Is pollen morphology of Salix polaris affected by enhanced UV-B irradiation? Results from a field experiment in High Arctic tundra

This study tested the hypothesis that the thickness of the pollen wall will increase in response to enhanced UV-B irradiation, by examining the effect of enhanced UV-B irradiance on the pollen morphology of Salix polaris Wahlem. grown in a field experiment on the Arctic tundra of Svalbard. Measurements of pollen morphology were conducted by light microscopy on plants grown at two sites, Adventdalen and Isdammen.
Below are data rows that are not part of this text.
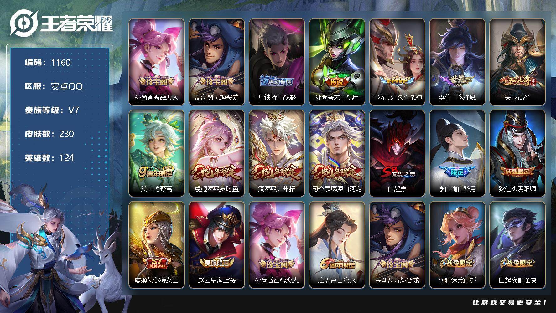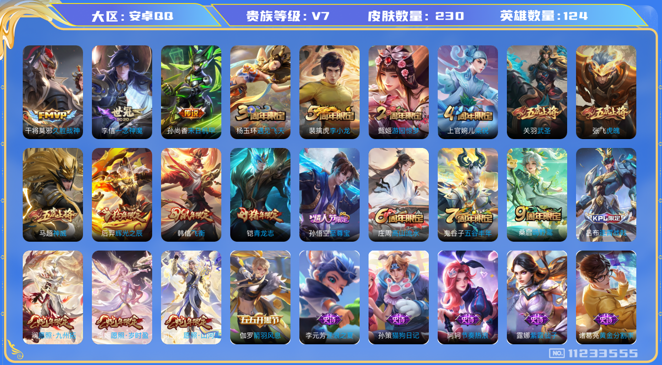 [11233555]【商品标题】:安卓Q-V7-至尊星耀III段位-124英雄-230皮肤-0典藏-0珍品无双-0无双-0珍品传说-8传说-64史诗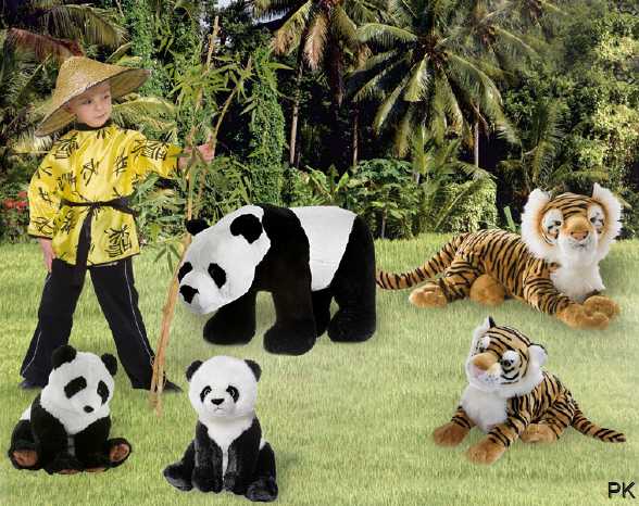 Asien Plüschtier Panda, Plüschtier sibirischer Tiger |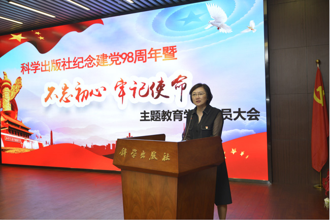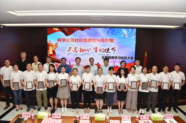 2019年7月1日,中国科技出版传媒股份有限公司隆重举行庆祝建党98周年暨“不忘初心、牢记使命”主题教育学习动员大会。回顾中国共产党艰苦创业的初心和使命,统一思想认识,明确目标任务,落实工作责任,总结2019年以来全社各项工作,表彰2018-2019年度优秀共产党员,并对“不忘初心、牢记使命”主题教育学习活动进行动员。股份公司全体党员参加会议,异地分子公司、党组织以视频形式收看会议直播,会议由党委副书记来豫蓉主持。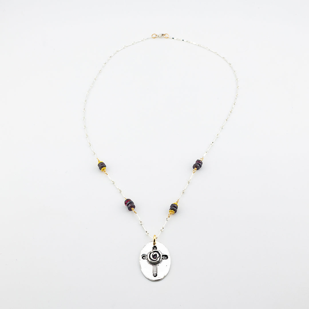 This beautiful cross pendant features a garnet at the center. Gold filled accents highlight garnet beads along the 20" chain.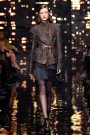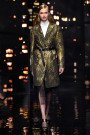 Donna Karan’s whole career has been inspired by New York City. For Fall she used the nighttime skyline as a backdrop for the runway, and made the blacks and grays of the buildings and the glinting golds of their lights her show’s central colors. Perched on platform sandals or boots, the collection’s long, lean silhouette owed something to the city’s new class of super-scrapers. New York is tall and getting taller. It’s a melting pot, too. Obi-like belts and origami folds on the one hand and opulent, burnished brocades on the other conveyed something of its multicultural glamour.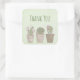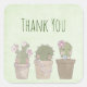 Thank You stickers with a whimsical design. 3 cute cactus all in a row with smiling faces sitting in a flowerpot each wearing some jewellery.e.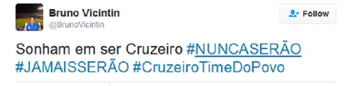 Bruno Vicintin provocou o rival, após a vitória do Cruzeiro no clássico de domingo (Foto: Reprodução/ Twitter)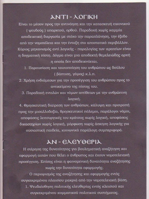 ΟΠΩΣ ΕΙΝΑΙ ΦΑΝΕΡΟ ΤΑ ΕΠΙΣΤΗΜΟΝΙΚΟΦΑΝΗ ΑΦΗΓΗΜΑΤΑ ΕΚΠΟΡΕΥΟΝΤΑΙ ΑΠΟ ΤΑ ΙΔΙΑ ΕΚΕΙΝΑ ΔΟΓΜΑΤΙΚΑ ΚΕΝΤΡΑ, ΠΟΥ ΒΑΛΛΟΥΝ ΚΑΤΑ ΤΗΣ ΛΟΓΙΚΗΣ ΚΑΙ ΤΗΣ ΝΟΗΣΗΣ ΤΟΥ ΕΛΛΗΝ ΑΝΘΡΩΠΟΥ ΚΑΙ ΕΧΟΥΝ ΩΣ ΣΚΟΠΟ ΝΑ ΠΑΡΑΜΕΝΕΙ Ο ΑΝΘΡΩΠΟΣ ΣΤΗΝ ΛΗΘΗ ...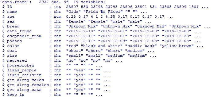 - 2019년 12월 12일 헝가리의 동물 보호소 데이터베이스의 2,937마리의 개에 대한 데이터이다.

Salix vegetation was grown under control, enhanced UV-A, and two enhanced UV-B (simulating 15 and 30% reduction in the thickness of the stratospheric ozone layer) treatments. At the Adventdalen site, pollen wall thickness significantly increased under enhanced UV-A and UV-B treatments compared with the control. A thicker pollen wall helps to prevent damage by UV-B radiation of the DNA of the pollen. In contrast, plants at the Isdammen site did not exhibit any significant pollen morphological response to the enhanced UV treatments. The inconsistency in plant response to enhanced UV treatments between the two sites may be explained by greater habitat heterogeneity at the Isdammen site; abiotic soil conditions including nutrient and water availability may also have an influence on pollen morphology.